# Refurbing Bilstein dampers. What paint?



## Teddy (Dec 15, 2007)

*Refurbing Bilstein dampers. What paint? Actually, they are dangerously rotten!!!*

I'm going to give my corroded Bilstein Sport dampers an external refurb - partially to check the structural condition of them.

The yellow paint is flaking off and there is corrosion underneath. So I'm going to get the wire brush on the drill to clean them up. I'll treat the rust then cover them in red oxide primer.

Ultimate finish isn't priority as long as they are yellow! I'm considering using brush on yellow Hammerite or yellow enamel paint. Any ideas which is best?

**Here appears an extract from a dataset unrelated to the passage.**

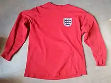 Les couleurs de la tenue extérieure de l'équipe d'Angleterre sont constituées de maillots rouges, de shorts blancs et de bas rouges, cette tenue extérieure n'a pas été nécessaire avant que l'équipe d'Angleterre ne rencontre des équipes en dehors du Royaume-Uni. De 1945 à 1952, l'Angleterre porte une tenue extérieure entièrement bleue. En 1996, le maillot extérieur de l'Angleterre est changé pour une tenue comprenant des maillots, des shorts et des bas gris[62]. Cette tenue est portée contre la Bulgarie, l'Allemagne et la Géorgie mais l'abandon du traditionnel rouge se révèle impopulaire parmi les supporters et depuis lors la tenue extérieure est restée rouge. Cette tenue extérieure est parfois utilisée pour les matchs à domicile.

I expect the rust to come back eventually but it's worth trying to slow it down.


----------



## Andyb0127 (Jan 16, 2011)

If your finish isn't a priority, then id go with the Hammerite yellow. But I'm sure you can get it in an aerosol can, which would look a lot better than brushed :thumb:


----------



## Mr yella (Aug 28, 2006)

I'd use a white primer aswell , it makes for a brighter finish on the top coat yellow .


----------



## Teddy (Dec 15, 2007)

Thanks guys, I ordered some brush on Yellow Hammerite last night. I always find it's thicker so in theory will last longer.


----------



## Teddy (Dec 15, 2007)

Well the picture above was a couple of years ago. After taking one damper off the car this is what I found...
...yes they are rotten! They went on the car in October 2004 and have done just 31k miles - with MOTs to prove it.

If I left them on the car and was unaware of the corrosion (like most people would) I can only imagine what might have happened...


----------



## JamesR1 (Apr 24, 2008)

Oh dear.. thats not good. What car are they off?


----------